Che bello raggiungere Castellammare di Stabia da Sorrento in pochi minuti, senza l’abituale traffico feriale … il traffico lo trovo però, e tanto, all’interno del Diving “Amici degli Abissi”, dove già dalle 8:00 di mattina, c’è un viavai di gente che dovrà fare immersione. Michele infatti è all’opera con la preparazione della stazione decompressiva per l’immersione tecnica che verrà effettuata a Punta Carena di Capri, mentre Raffaele, Angelo & Co, sono impegnati nel distribuire sulle altre due barche i subacquei diretti al Banco di santa Croce. In tutto questo “movimento” è compreso anche l’andirivieni di noi fotografi, impegnati nella seconda giornata del Workshop Fotografico. Dopo il rituale caffè preso al Bar Bonito, effettuiamo il nostro briefing tecnico per riuscire a migliorare gli scatti di ieri, attendendo anche la dipartita degli altri sub presenti. Salutiamo Michele con i suoi amici profondisti, carichi fino all’inverosimile di bombole e alle ore 10:30 saliamo a bordo del gozzo per raggiungere la secca. Al nostro arrivo osserviamo il consueto affollamento domenicale … due barche degli Amici degli Abissi, due gommoni del Bikini Diving, con a bordo Eleonora De Sabata e gli amici Antonio e Fernando, una barca del Centro Sub Torre del Greco, la Ligeia proveniente da Sorrento con Antonio, Nunzio & Nunzia, Fabio e l’ingegnere! Avevo portato con me la Isotta D800 ma, l’impossibilità di avere Raffele come guida causa affollamento, mi costringe a provvedere personalmente ai miei allievi. Imbraccio quindi la mia “performantissima” Nikon Coolpix S3000 e mi tuffo attendendo i ragazzi.

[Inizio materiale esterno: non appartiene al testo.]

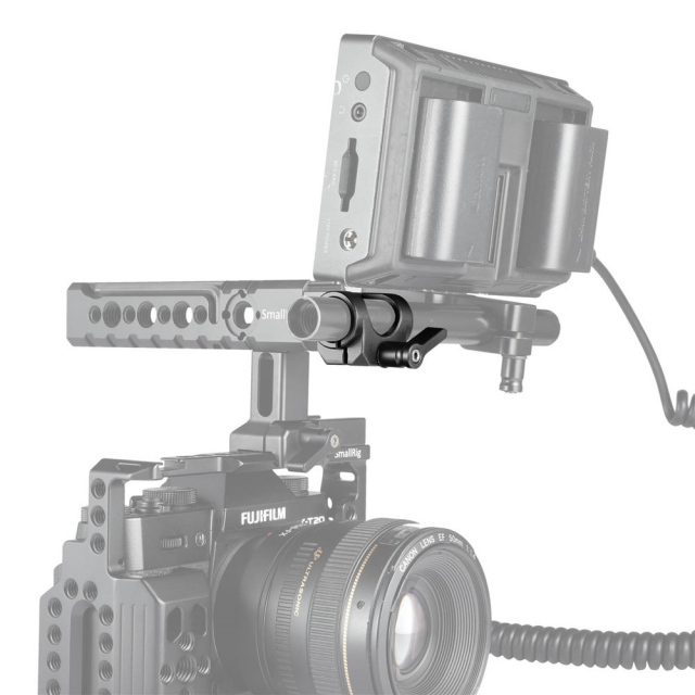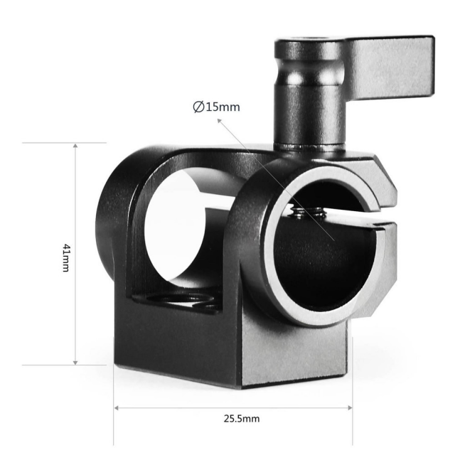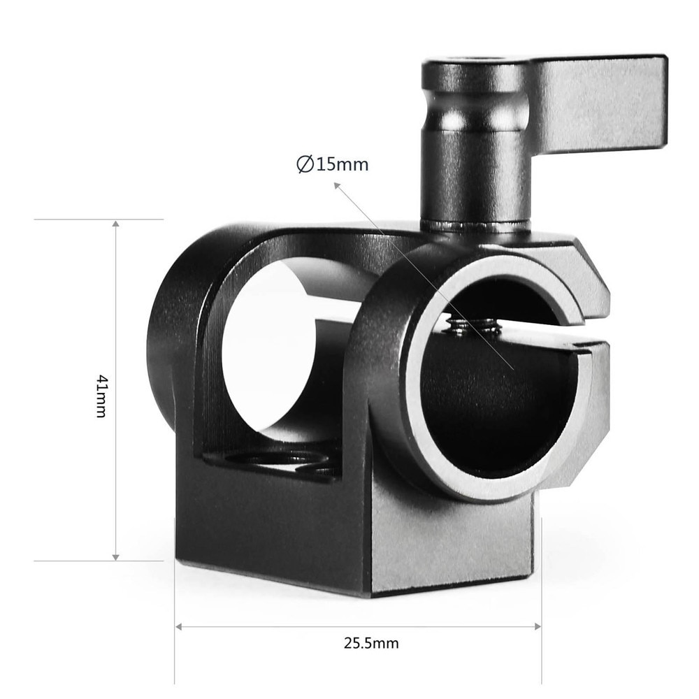 La abrazadera para barra de 15 mm 1995 de SmallRig cuenta con dos orificios con contrapiesta y un orificio roscado de 1/4''. Se puede fijar a las empuñaduras SmallRig 1955 mediante dos tornillos M4 y es compatible con la barra de 15 mm para el soporte de micrófono 1802. En otros casos, funciona con la barra de 15 mm para el Single RailBlock 860 o la Mini Mounting Plate 1906 y, por lo tanto, con monitores. El orificio roscado de 1/4'' se puede utilizar para accesorios de bricolaje.

L’acqua è terribile, di un verde bottiglia, ma il Banco di Santa Croce sa regalare sempre emozioni anche con scarsa visibilità. Ci dirigiamo subito verso i -25 metri dove fotografano le gorgonie rosse, poi dopo una decina di minuti, li invito a stazionare a profondità più ridotta per poter effettuare con calma ed in massima sicurezza gli esercizi e le prove che abbiamo convenuto nel briefing. Mi trattengo quindi con loro per oltre 60 minuti, quando a malincuore, devo dichiarare chiusa l’immersione, mentre le salpe ed i saraghi brucano indisturbati lo scoglio vicino alle margerite di mare; proprio una bella situazione … un vero peccato l’aver lasciato al diving l’Isotta D800 con il 10.5 mm!

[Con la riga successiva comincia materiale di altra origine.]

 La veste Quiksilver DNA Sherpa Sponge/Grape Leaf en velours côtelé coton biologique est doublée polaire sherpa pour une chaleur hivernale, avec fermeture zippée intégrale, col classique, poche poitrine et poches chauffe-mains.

Rientrati a terra sciacquiamo le attrezzature e mangiamo un boccone, mentre Raffaele ha già predisposto il computer per scaricare e visionare le fotografie scattate. Intanto Salvatore, da bravo uomo di … “diving”, lava ed asciuga il pavimento inondato d’acqua di mare! Le foto di oggi sono notevolmente migliori rispetto a ieri e ciò mi rende pieno di gioia, con l’entusiasmo degli allievi che aumenta notevolmente visti i progressi realizzati in poco tempo. Durante la visione delle immagini mi giungono telefonicamente confortanti news calcistiche. Quando ormai sono pronto per andar via, rientrano anche i ragazzi da Capri mostrandoci l’impressionante profondimetro. Mi metto finalmente in auto ed incredibilmente assisto ad una clamorosa debacle della Juventus a Firenze, 4 goal in 10′ per una sconfitta dura da digerire!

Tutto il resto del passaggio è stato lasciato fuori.